Step-by-step explanation:
The question at hand involves a risk analysis about whether a construction company should purchase insurance for a new rubber tire loader. To evaluate the best option and determine projected cost savings, we need to calculate the expected value of each scenario (purchasing or not purchasing insurance) based on the probabilities and costs given.
If the company does not purchase insurance, the expected cost due to accidents can be calculated by multiplying each scenario's cost by its probability:
- 0.88 (probability of no accident) × $0 = $0
- 0.11 (probability of a small accident) × $800 = $88
- 0.01 (probability of a total loss) × $100,000 = $1,000
The total expected cost without insurance is thus $1,088.

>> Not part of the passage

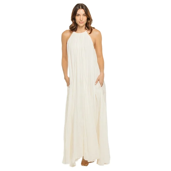 Maxi dress features an ultra flowy silhouette, high neckline, pockets and ties at the back.

If the company purchases insurance for $2,000 annually with a deductible of $1,000, their only expected cost in the case of a small accident is the deductible: (0.11 × $1,000) = $110, plus the insurance premium of $2,000, totaling $2,110.

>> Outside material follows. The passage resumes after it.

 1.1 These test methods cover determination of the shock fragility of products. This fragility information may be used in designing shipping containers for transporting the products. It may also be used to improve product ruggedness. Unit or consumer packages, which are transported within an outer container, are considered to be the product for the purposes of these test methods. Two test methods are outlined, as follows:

In the case of a total loss, the insurance covers the loader, so the company pays the insurance premium and deductible: $2,000 + $1,000 = $3,000.
Combining the expected costs:
- No accident: $2,000 (insurance premium)
- Small accident: $2,000 (premium) + $110 (deductible) = $2,110
- Total loss: $2,000 (premium) + $1,000 (deductible) = $3,000
The expected cost with insurance is:
- 0.88 × $2,000 = $1,760
- 0.11 × $2,110 = $232.10
- 0.01 × $3,000 = $30
The total expected cost with insurance is $2,022.10. Therefore, the company can save money by not purchasing insurance, and the savings will be the difference between the expected costs with insurance ($2,022.10) and without ($1,088), which equals $934.10.